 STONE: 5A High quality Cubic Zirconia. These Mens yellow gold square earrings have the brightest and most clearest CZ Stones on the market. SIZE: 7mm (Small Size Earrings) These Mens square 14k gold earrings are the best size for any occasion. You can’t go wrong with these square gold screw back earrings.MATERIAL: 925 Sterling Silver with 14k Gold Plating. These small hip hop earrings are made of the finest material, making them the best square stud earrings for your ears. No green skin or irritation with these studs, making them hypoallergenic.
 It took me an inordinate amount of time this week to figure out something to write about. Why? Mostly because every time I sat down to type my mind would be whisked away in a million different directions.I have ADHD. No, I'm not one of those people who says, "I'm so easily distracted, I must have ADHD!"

* * *

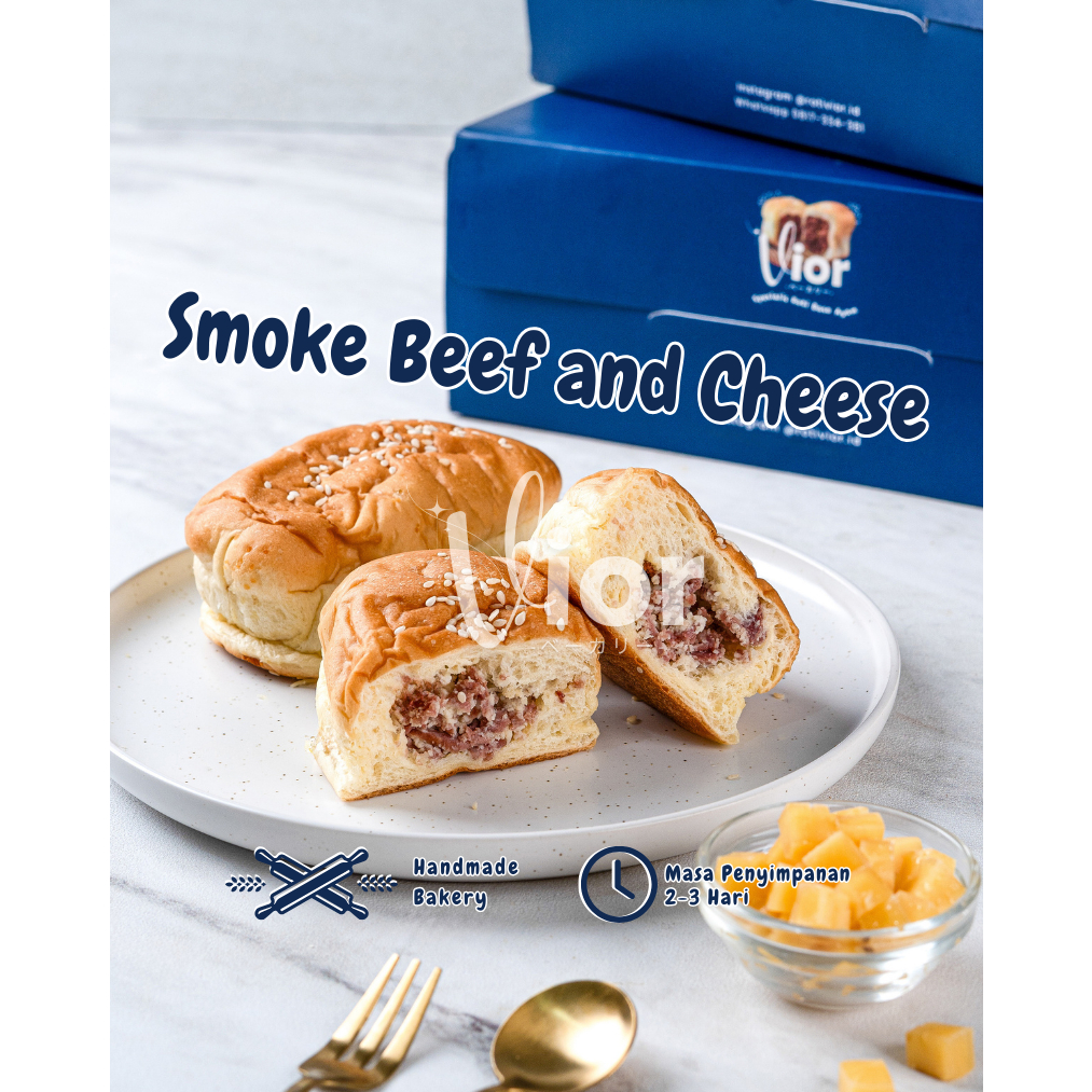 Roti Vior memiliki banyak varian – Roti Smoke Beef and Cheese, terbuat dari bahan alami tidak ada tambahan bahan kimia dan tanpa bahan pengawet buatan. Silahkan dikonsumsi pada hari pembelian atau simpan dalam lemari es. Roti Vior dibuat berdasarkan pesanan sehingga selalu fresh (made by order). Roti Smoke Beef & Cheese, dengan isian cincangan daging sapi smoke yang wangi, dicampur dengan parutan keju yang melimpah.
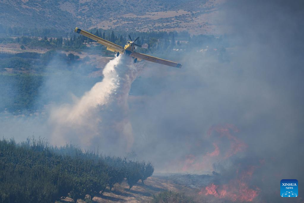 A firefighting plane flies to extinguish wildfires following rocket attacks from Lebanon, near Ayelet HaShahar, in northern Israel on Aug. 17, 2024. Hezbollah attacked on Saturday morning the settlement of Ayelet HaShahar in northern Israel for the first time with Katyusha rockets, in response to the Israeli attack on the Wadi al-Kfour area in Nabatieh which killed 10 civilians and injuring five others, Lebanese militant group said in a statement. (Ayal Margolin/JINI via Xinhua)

TASK BRIEF: Precisely the lines between those holding "STONE: 5A High" and "It took me an", inclusive, are to be reproduced from the listing above, with nothing added.

EXPECTED ANSWER:
 STONE: 5A High quality Cubic Zirconia. These Mens yellow gold square earrings have the brightest and most clearest CZ Stones on the market. SIZE: 7mm (Small Size Earrings) These Mens square 14k gold earrings are the best size for any occasion. You can’t go wrong with these square gold screw back earrings.MATERIAL: 925 Sterling Silver with 14k Gold Plating. These small hip hop earrings are made of the finest material, making them the best square stud earrings for your ears. No green skin or irritation with these studs, making them hypoallergenic.
 It took me an inordinate amount of time this week to figure out something to write about. Why? Mostly because every time I sat down to type my mind would be whisked away in a million different directions.I have ADHD. No, I'm not one of those people who says, "I'm so easily distracted, I must have ADHD!"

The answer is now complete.